--- WORK ITEM ---
Your task is to repeat each record verbatim, exactly as it was written.

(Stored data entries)
= = =

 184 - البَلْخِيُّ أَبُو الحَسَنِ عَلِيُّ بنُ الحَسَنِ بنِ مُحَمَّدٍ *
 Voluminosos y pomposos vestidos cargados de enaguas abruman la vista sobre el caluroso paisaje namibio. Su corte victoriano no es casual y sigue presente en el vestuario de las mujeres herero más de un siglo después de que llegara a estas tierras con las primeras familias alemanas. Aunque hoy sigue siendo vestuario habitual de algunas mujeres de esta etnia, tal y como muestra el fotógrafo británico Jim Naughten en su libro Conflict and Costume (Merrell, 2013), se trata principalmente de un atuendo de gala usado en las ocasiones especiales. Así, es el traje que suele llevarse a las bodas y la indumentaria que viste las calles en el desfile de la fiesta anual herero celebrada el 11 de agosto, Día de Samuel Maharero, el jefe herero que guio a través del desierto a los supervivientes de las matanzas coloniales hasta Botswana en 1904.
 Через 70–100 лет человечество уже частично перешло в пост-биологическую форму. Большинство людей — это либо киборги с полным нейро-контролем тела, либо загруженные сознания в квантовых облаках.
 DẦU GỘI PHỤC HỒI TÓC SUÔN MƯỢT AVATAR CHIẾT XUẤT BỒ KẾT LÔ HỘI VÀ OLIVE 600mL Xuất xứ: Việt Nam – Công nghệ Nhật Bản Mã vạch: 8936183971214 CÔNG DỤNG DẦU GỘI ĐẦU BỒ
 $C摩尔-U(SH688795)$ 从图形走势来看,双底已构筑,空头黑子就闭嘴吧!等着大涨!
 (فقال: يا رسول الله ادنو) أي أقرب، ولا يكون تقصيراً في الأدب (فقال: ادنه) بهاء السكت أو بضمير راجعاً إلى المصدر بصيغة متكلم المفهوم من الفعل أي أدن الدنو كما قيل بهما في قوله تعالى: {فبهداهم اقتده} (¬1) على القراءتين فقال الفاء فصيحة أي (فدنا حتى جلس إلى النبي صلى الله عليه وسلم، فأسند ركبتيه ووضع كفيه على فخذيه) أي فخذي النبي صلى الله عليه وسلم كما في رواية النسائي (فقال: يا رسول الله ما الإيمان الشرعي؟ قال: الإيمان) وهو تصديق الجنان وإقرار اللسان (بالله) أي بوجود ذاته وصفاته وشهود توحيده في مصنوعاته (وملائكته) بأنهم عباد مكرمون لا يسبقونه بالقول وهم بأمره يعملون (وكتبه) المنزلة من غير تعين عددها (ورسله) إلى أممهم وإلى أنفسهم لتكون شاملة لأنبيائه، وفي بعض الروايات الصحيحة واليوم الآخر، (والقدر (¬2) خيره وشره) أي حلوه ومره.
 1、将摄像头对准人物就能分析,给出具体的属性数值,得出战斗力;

= = =

--- ANSWER SECTION ---
 184 - البَلْخِيُّ أَبُو الحَسَنِ عَلِيُّ بنُ الحَسَنِ بنِ مُحَمَّدٍ *
 Voluminosos y pomposos vestidos cargados de enaguas abruman la vista sobre el caluroso paisaje namibio. Su corte victoriano no es casual y sigue presente en el vestuario de las mujeres herero más de un siglo después de que llegara a estas tierras con las primeras familias alemanas. Aunque hoy sigue siendo vestuario habitual de algunas mujeres de esta etnia, tal y como muestra el fotógrafo británico Jim Naughten en su libro Conflict and Costume (Merrell, 2013), se trata principalmente de un atuendo de gala usado en las ocasiones especiales. Así, es el traje que suele llevarse a las bodas y la indumentaria que viste las calles en el desfile de la fiesta anual herero celebrada el 11 de agosto, Día de Samuel Maharero, el jefe herero que guio a través del desierto a los supervivientes de las matanzas coloniales hasta Botswana en 1904.
 Через 70–100 лет человечество уже частично перешло в пост-биологическую форму. Большинство людей — это либо киборги с полным нейро-контролем тела, либо загруженные сознания в квантовых облаках.
 DẦU GỘI PHỤC HỒI TÓC SUÔN MƯỢT AVATAR CHIẾT XUẤT BỒ KẾT LÔ HỘI VÀ OLIVE 600mL Xuất xứ: Việt Nam – Công nghệ Nhật Bản Mã vạch: 8936183971214 CÔNG DỤNG DẦU GỘI ĐẦU BỒ
 $C摩尔-U(SH688795)$ 从图形走势来看,双底已构筑,空头黑子就闭嘴吧!等着大涨!
 (فقال: يا رسول الله ادنو) أي أقرب، ولا يكون تقصيراً في الأدب (فقال: ادنه) بهاء السكت أو بضمير راجعاً إلى المصدر بصيغة متكلم المفهوم من الفعل أي أدن الدنو كما قيل بهما في قوله تعالى: {فبهداهم اقتده} (¬1) على القراءتين فقال الفاء فصيحة أي (فدنا حتى جلس إلى النبي صلى الله عليه وسلم، فأسند ركبتيه ووضع كفيه على فخذيه) أي فخذي النبي صلى الله عليه وسلم كما في رواية النسائي (فقال: يا رسول الله ما الإيمان الشرعي؟ قال: الإيمان) وهو تصديق الجنان وإقرار اللسان (بالله) أي بوجود ذاته وصفاته وشهود توحيده في مصنوعاته (وملائكته) بأنهم عباد مكرمون لا يسبقونه بالقول وهم بأمره يعملون (وكتبه) المنزلة من غير تعين عددها (ورسله) إلى أممهم وإلى أنفسهم لتكون شاملة لأنبيائه، وفي بعض الروايات الصحيحة واليوم الآخر، (والقدر (¬2) خيره وشره) أي حلوه ومره.
 1、将摄像头对准人物就能分析,给出具体的属性数值,得出战斗力;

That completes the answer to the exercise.